In addition to the short-lived nonC-TL described above, NCPs can also be derived from alternative splicing junctions of transposable elements and exons in proteins (19). In some cases these are selectively expressed in cancer and, unlike nonC-TL derived from uORFs, 5′UTRs, and ncRNAs, are apparently long-lived proteins that can be cross-presented and prime an endogenous immune response to this class of NCPs. It will be interesting to see which class of nonC-TL is most effective and whether T cells targeting these long-lived peptides will represent a more exhausted pool of T cells as compared with the short-lived nonC-TL.
As tumor-specific nonC-TL are identified, vaccine strategies should be developed and trials initiated. In acute myeloid leukemia (AML), Ehx and colleagues have already identified 58 AML-specific nonC-TL; approximately one-half represent intron retention (20).They predict that a vaccine with these 58 antigens would provide at least one tumor-specific antigen to 99% of patients with AML. One should expect to see additional reports of nonC-TL that are shared by cancers of the same, and possibly different histologies in the near future.
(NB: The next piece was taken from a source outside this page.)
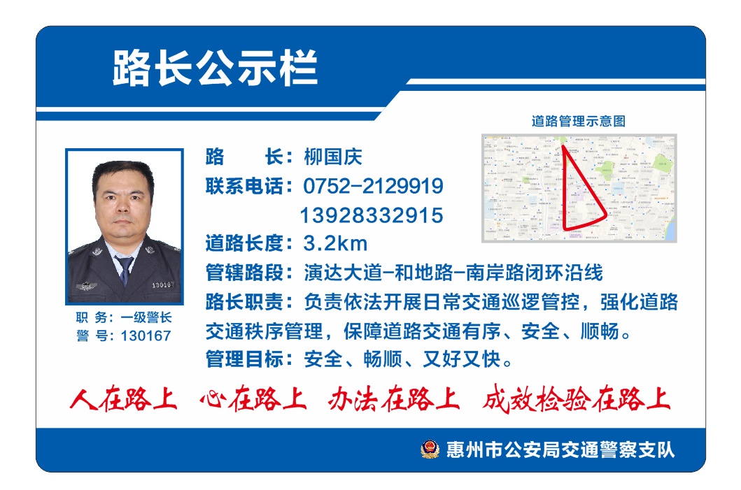 同一天,与柳国庆一样走马上任的路长,惠州市还有25名。为助力全国文明城市迎复检工作,优化公安交通管理勤务运行模式,争创与“建设国内一流城市”相适应的交通管理工作格局,惠州市公安局正式在全市交警部门推行交通管理“路长制”勤务工作模式。

TCR adoptive immunotherapy or the generation of nonC-TL-reactive T cells by IVS and expansion ex vivo, represent two additional strategies that can take advantage of these findings. The preliminary data shown for HLA-A 11.01 suggests that multiple tumor types could be targeted with a single TCR. While it will take some time, it is not unreasonable to expect that clinical adoptive immunotherapy with peripheral blood T cells transduced with three or more TCRs specific for nonC-TL will be attempted. Similar to advances in CAR T cells, these strategies might involve short-term in vitro transduction and reinfusion in 24 to 48 hours. Alternatively, in vivo transduction strategies with these TCRs could also change the landscape of cancer treatment while reducing costs.
It is clear that we have entered a watershed period for cancer immunotherapy. The discovery of NCPs appears certain to grow as improved libraries of the transcribable genome become available. This also represents a watershed period for pharmacology approaches to target noncanonical uORFs, 5′UTRs, and ncRNAs that are involved in driving the malignant properties of cancer cells. This realm need not be restricted to immunotherapists; there is space for multiple approaches to address the apparent broad universe of targets presented by Cancer's Dark Matter.
Acknowledgments
B.A. Fox received support from Steve and Cindy Harder, Nancy Lematta, Robert and Elsie Franz, Lynn and Jack Loacker, The Chiles Foundation, The Providence Medical Foundation, and Shimadzu Scientific.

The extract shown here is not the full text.